An Ultimate Guide to Using Email Subdomains in Your Campaign

25 April, 2025 • ... • 8529 views
Anna Sudeiskaia
by Anna Sudeiskaia

An email subdomain is a simple yet efficient way to increase the reputation and deliverability rate of your emails. In this article, you’ll learn more about email subdomains’ benefits, examples, and steps to set them up.

What is an email subdomain?

An email subdomain is an optional division inside the root domain. Each subdomain may have its own reputation rate, not impacting others or the main domain. It can also have another new IP address while staying within the same parent domain.

An email subdomain looks like a prefix that comes before the domain in an email address:

An email address with a subdomain example

Email subdomain examples from real life

You might be wondering how big corporations use email subdomains for their business success. What if we tell you that you’ve probably seen many email subdomain examples in your inbox? The following are some of the real-life email subdomains to inspire your own solutions:

Apple:

[email protected]

[email protected]

Google:

[email protected]

[email protected]

SoundCloud:

[email protected]

[email protected]

Booking.com:

[email protected]

[email protected]

Skype:

[email protected]

[email protected]

[email protected]

Many big companies use email subdomains in their email addresses. But they do it differently, as there are several methods you can organize your subdomains. For example, Google has separate subdomains for its services (Google Docs, Google Slides, etc.) while SoundCloud sorts subdomains according to their functions (notification, announcement, etc.). You can use any of these methods depending on your business needs.

Why use a subdomain email address?

Besides control of the sender reputation, subdomains help to track and manage email deliverability and prevent important emails from going to spam. It is a great way to regulate the emails you’re sending. Let’s look at the email subdomains’ benefits one by one. 
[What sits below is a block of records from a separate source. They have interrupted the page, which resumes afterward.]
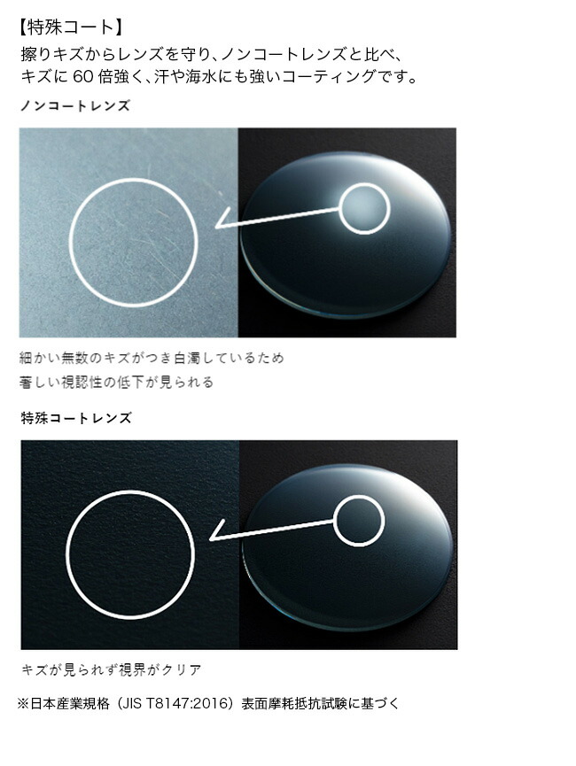 レンズ/ポリカーボネイト(耐傷性特殊コート、裏面マルチコート、撥水防汚コート)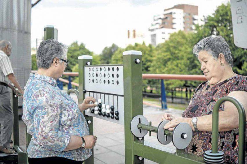 In Spagna ci sono dei parchi attrezzati per intrattenere i nonni.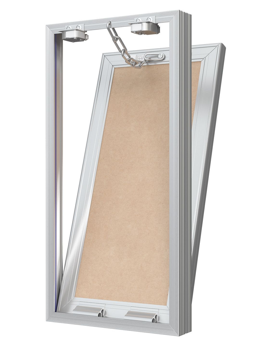 Люки ревизионные под плитку D Ceramo Base с фронтальным открытием дверцы предназначены для скрытого доступа и обслуживания инженерных, сантехнических, электрических и прочих коммуникаций. Люки устанавливаются в нишах стен и перегородок, изготовленных из кладочных (кирпич, бетон, пенобетон и др.) или листовых (гипсокартон и др.) материалов. Открываются и закрываются легким нажатием на дверцу, после закрытия надежно фиксируются в раме. Люки изготавливаются из алюминиевого профиля. Дверца заполнена влагостойким гипсокартоном (ГКЛВ). Конструкция оснащена нажимным замком, резиновым уплотнителем, страховочным механизмом для безопасного открытия дверцы, имеет возможность полного снятия дверцы. Максимальный угол открытия — 180 градусов.

To segment engagement levels

Marketers need their emails to successfully land in subscribers’ inboxes. But email deliverability — a key marketing metric — is complicated. It is determined by several factors, one of which is engagement. Engagement estimates how subscribers interact with campaigns. This measure combines open rate (OR), click-through rate (CTR), unsubscribe rate, and website traffic from email.

Different email types naturally get different engagement. Let’s examine two types of emails

Marketing emails include promotions, newsletters, announcements, reactivation emails, and other campaigns. They tend to have a lower open rate and engagement. 

Transactional emails, on the other hand, are brought by the user’s actions. These are password change emails, order, or subscription confirmations. Transactional emails have a high open rate and engagement as users are, in most cases, actively waiting for them. 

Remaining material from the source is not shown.